6. **Compare on Test Set**: Final comparison on held-out test set (used only once).

7. **Consider Practical Factors**: Beyond performance, consider interpretability, speed, maintenance.

8. **Select Final Model**: Choose model that best balances all factors.

---

## Summary and Key Takeaways

1. **Cross-Validation** provides more reliable performance estimates than single train-test splits.

2. **Stratified Cross-Validation** is essential for imbalanced classification problems.
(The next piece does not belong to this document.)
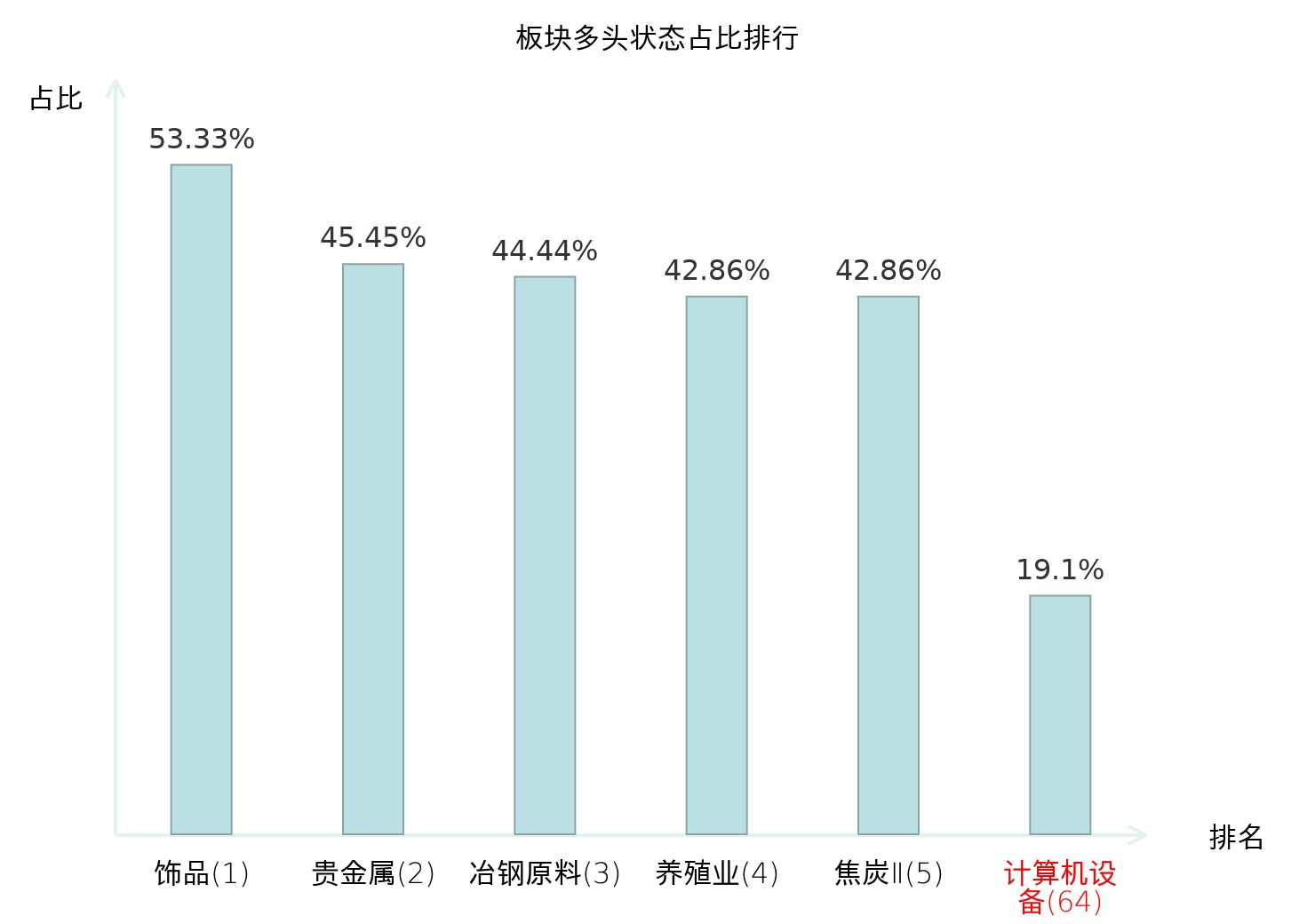 全市场所有行业板块中主力多头状态占比排名中,饰品板块位居第一。非金属材料Ⅱ板块名次提升最快,较昨日上升58位。
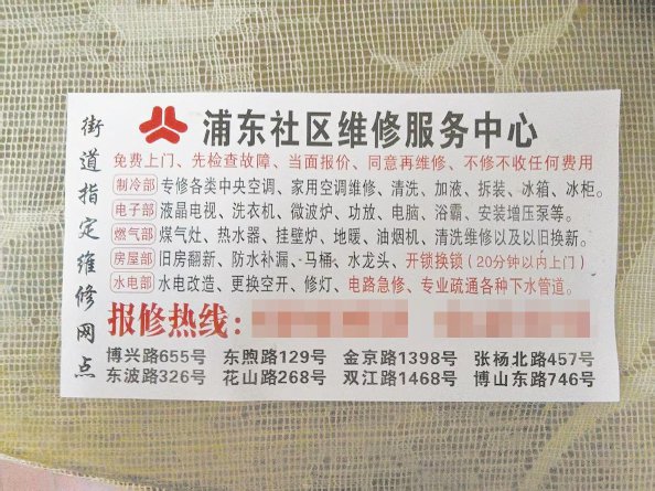 那张小卡片上还有更多疑点,表面印制粗糙,罗列的维修项目却包罗万象,简直是“万能公司”。卡片上没有留下任何公司的名称,只写着“浦东社区维修服务中心”“街道指定维修网点”等表述含糊的名称。浦东新区现辖12个街道、24个镇,其中并无“浦东社区”。记者联系了曹老伯家所在的金杨新村街道和银山路第一居委会,工作人员反馈,街道及居委从未印制或发放过任何“街道指定维修网点”宣传卡片,也没有授权任何企业使用街道名义开展维修服务。

3. **Hyperparameter Tuning** significantly impacts model performance and should use cross-validation.

4. **Grid Search** is exhaustive but expensive; **Random Search** is more efficient for large parameter spaces.

5. **Model Comparison** should consider performance, computational cost, interpretability, and robustness.

6. **Bias-Variance Tradeoff** guides model complexity selection - balance between underfitting and overfitting.

7. **Occam's Razor** suggests preferring simpler models when performance is similar.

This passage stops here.